- Interactive map of Supreme Court of the United States
- 38°53′26″N 77°00′16″W﻿ / ﻿38.89056°N 77.00444°W
- Established: March 4, 1789; 237 years ago
- Location: Washington, D.C.
- Coordinates: 38°53′26″N 77°00′16″W﻿ / ﻿38.89056°N 77.00444°W
- Composition method: Presidential nomination with Senate confirmation
- Authorised by: Constitution of the United States, Art. III, § 1
- Judge term length: life tenure, subject to impeachment and removal
- Number of positions: 9 (by statute)
- Website: supremecourt.gov

= List of United States Supreme Court cases, volume 25 =

This is a list of cases reported in volume 25 (12 Wheat.) of United States Reports, decided by the Supreme Court of the United States in 1827.

== Nominative report ==
In 1874, the U.S. government created the United States Reports, and retroactively numbered older privately published case reports as part of the new series. As a result, cases appearing in volumes 1–90 of U.S. Reports have dual citation forms; one for the volume number of U.S. Reports, and one for the volume number of the reports named for the relevant reporter of decisions (these are called "nominative reports").

=== Henry Wheaton ===
Starting with the 14th volume of U.S. Reports, the Reporter of Decisions of the Supreme Court of the United States was Henry Wheaton. Wheaton was Reporter of Decisions from 1816 to 1827, covering volumes 14 through 25 of United States Reports which correspond to volumes 1 through 12 of his Wheaton's Reports. As such, the dual form of citation to, for example, Brown v. Maryland is 25 U.S. (12 Wheat.) 419 (1827).

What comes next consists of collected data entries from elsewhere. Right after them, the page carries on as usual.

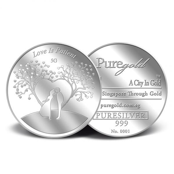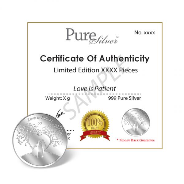 The Love is Patient silver medallion design portrays a beautiful image a groom and a bride.
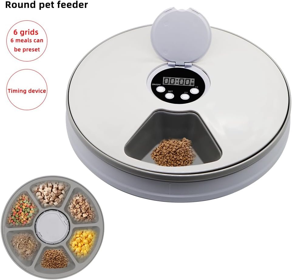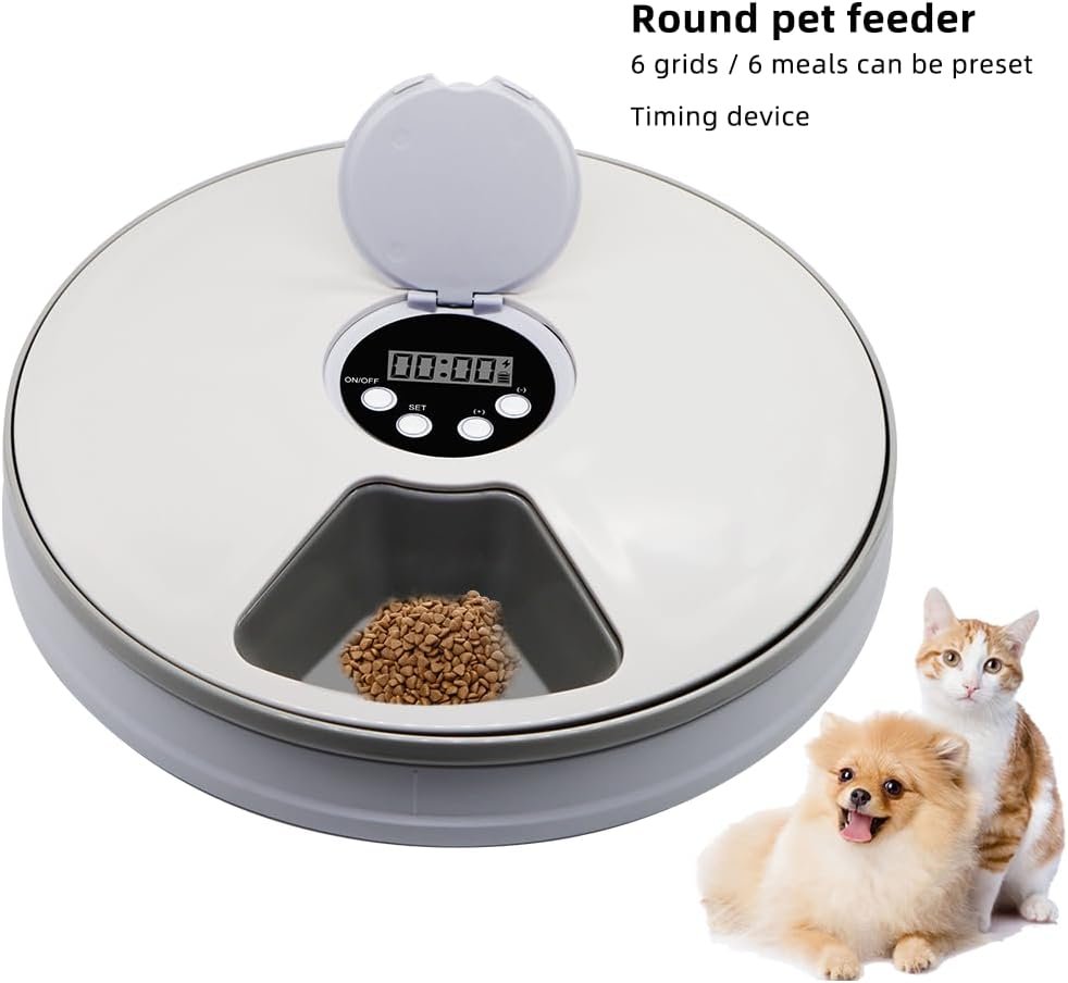 Automatic Cat Feeder for Wet/Dry Food, 6-Meal Programmable Pet Feeder, Easy to Clean Feed for Cats and Small Dogs
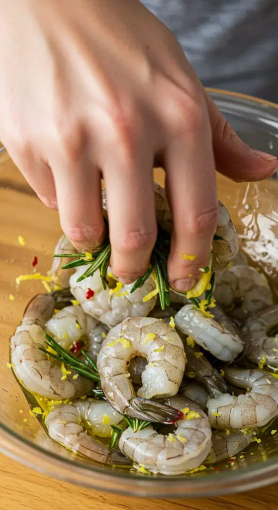 - Marinate the Shrimp: If you’re using wooden skewers, be sure to soak them in warm water for at least 15 minutes to prevent them from burning on the grill. Pat your shrimp completely dry and place them in a large bowl. Add the chopped rosemary, red pepper flakes, half of the minced garlic, 1/4 cup of the olive oil, the zest of one lemon, and 1 teaspoon of salt. Toss everything to coat and let the shrimp marinate for 15 minutes.

== Justices of the Supreme Court at the time of 25 U.S. (12 Wheat.) ==

The Supreme Court is established by Article III, Section 1 of the Constitution of the United States, which says: "The judicial Power of the United States, shall be vested in one supreme Court . . .". The size of the Court is not specified; the Constitution leaves it to Congress to set the number of justices. Under the Judiciary Act of 1789 Congress originally fixed the number of justices at six (one chief justice and five associate justices). Since 1789 Congress has varied the size of the Court from six to seven, nine, ten, and back to nine justices (always including one chief justice).

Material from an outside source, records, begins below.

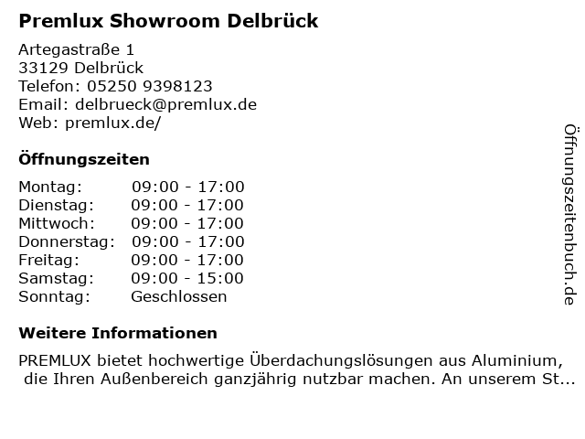 | Öffnungszeiten Premlux Showroom Delbrück in Delbrück anzeigen | |
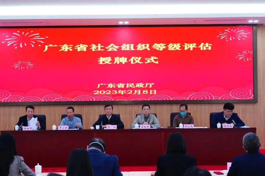2023年2月8日,广东省民政厅举行广东省社会组织等级评估授牌仪式。广东省民政厅党组成员、 副厅长、广东省社会组织管理局党组书记、局长庄侃等相关领导出席了本次会议。
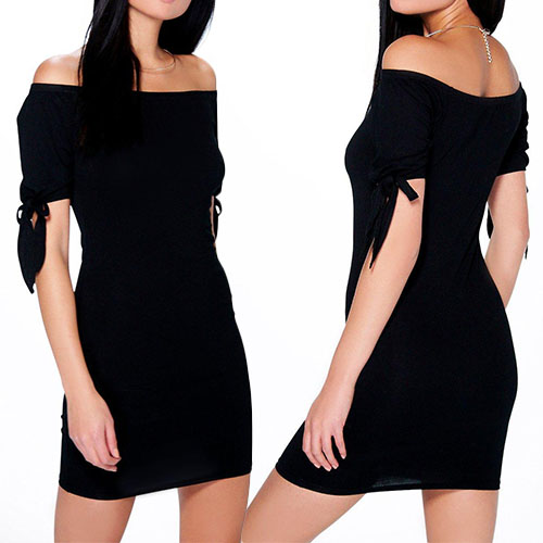 its slash neck and super fit silhouette can perfect set off your sexy and sultry style. This effortless dress is
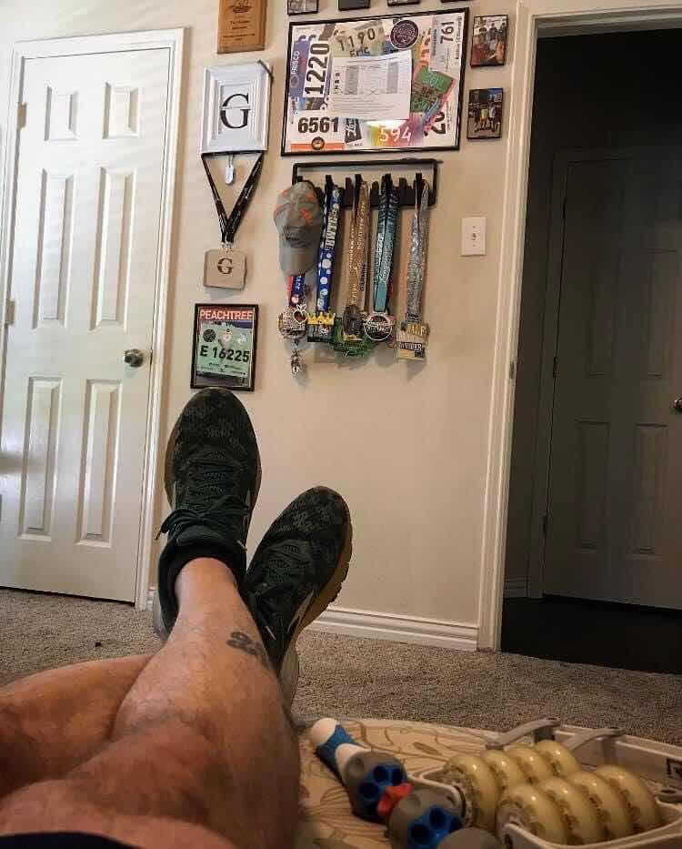 Nothing happening but foam rolling & hydration today. Getting the body ready for tomorrows long run. I like to sit in that chair & look at my running wall. It reminds me that it all started with a guy in his mid 30s that wanted to lose a few pounds. I would go the the high school track every morning. I would run as far as I could. The first day I could only make it half a lap. Run 1/2 & walk 1/2. No watch, no tracking. I just ran till I was tired, rested a bit & went again.
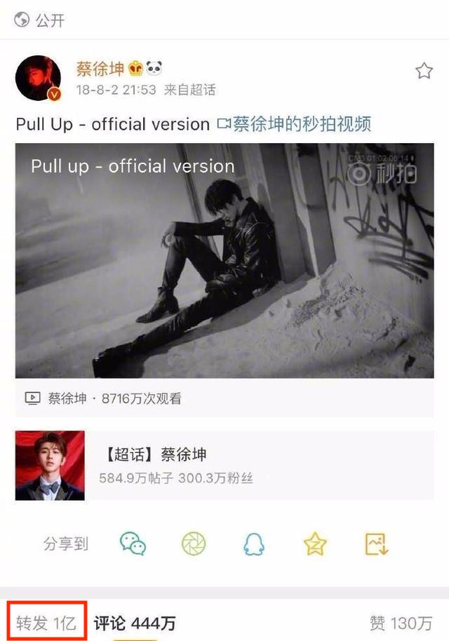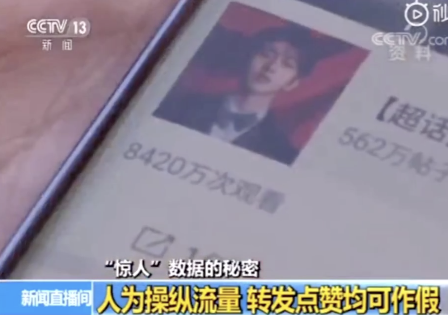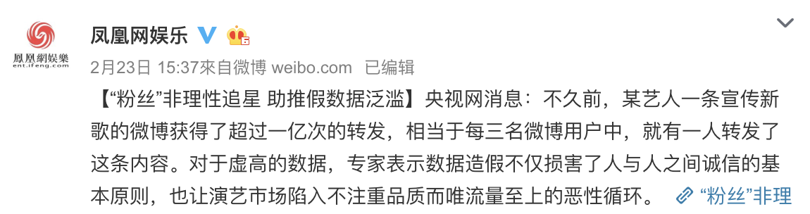 根據央視新聞報導時提到:「不久前,某藝人一條宣傳新歌的微博獲得了超過一億次的轉發,相當於每三名微博用戶中,就有一人轉發了這條內容。對於虛高的數據」,該指稱的藝人即是「蔡徐坤」,他在去年時發布新單曲,上線7天後就突破一億的轉發量,被質疑造假。而專家也表示數據造假不僅損害了人與人之間誠信的基本原則,也讓演藝市場陷入不注重品質而唯流量至上的惡性循環。

When the cases in 25 U.S. (12 Wheat.) were decided, the Court comprised these seven justices:

| Portrait | Justice | Office | Home State | Succeeded | Date confirmed by the Senate (Vote) | Tenure on Supreme Court |
|---|---|---|---|---|---|---|
|  | John Marshall | Chief Justice | Virginia | Oliver Ellsworth | January 27, 1801 (Acclamation) | February 4, 1801 – July 6, 1835 (Died) |
|  | Bushrod Washington | Associate Justice | Virginia | James Wilson | December 20, 1798 (Acclamation) | November 9, 1798 (Recess Appointment) – November 26, 1829 (Died) |
|  | William Johnson | Associate Justice | South Carolina | Alfred Moore | March 24, 1804 (Acclamation) | May 7, 1804 – August 4, 1834 (Died) |
|  | Gabriel Duvall | Associate Justice | Maryland | Samuel Chase | November 18, 1811 (Acclamation) | November 23, 1811 – January 12, 1835 (Resigned) |
|  | Joseph Story | Associate Justice | Massachusetts | William Cushing | November 18, 1811 (Acclamation) | February 3, 1812 – September 10, 1845 (Died) |
|  | Smith Thompson | Associate Justice | New York | Henry Brockholst Livingston | December 9, 1823 (Acclamation) | September 1, 1823 – December 18, 1843 (Died) |
|  | Robert Trimble | Associate Justice | Kentucky | Thomas Todd | May 9, 1826 (25–5) | June 16, 1826 – August 25, 1828 (Died) |

== Notable Case in 25 U.S. (12 Wheat.) ==
=== Ogden v. Saunders ===
In Ogden v. Saunders, 25 U.S. (12 Wheat.) 213 (1827), the Supreme Court determined the scope of a bankruptcy law in relation to a clause of the Constitution of the United States. It is notable for its era in producing multiple opinions from the justices, either writing for the Court, concurring, or dissenting.

== Citation style ==

Under the Judiciary Act of 1789 the federal court structure at the time comprised District Courts, which had general trial jurisdiction; Circuit Courts, which had mixed trial and appellate (from the US District Courts) jurisdiction; and the United States Supreme Court, which had appellate jurisdiction over the federal District and Circuit courts—and for certain issues over state courts. The Supreme Court also had limited original jurisdiction (i.e., in which cases could be filed directly with the Supreme Court without first having been heard by a lower federal or state court). There were one or more federal District Courts and/or Circuit Courts in each state, territory, or other geographical region.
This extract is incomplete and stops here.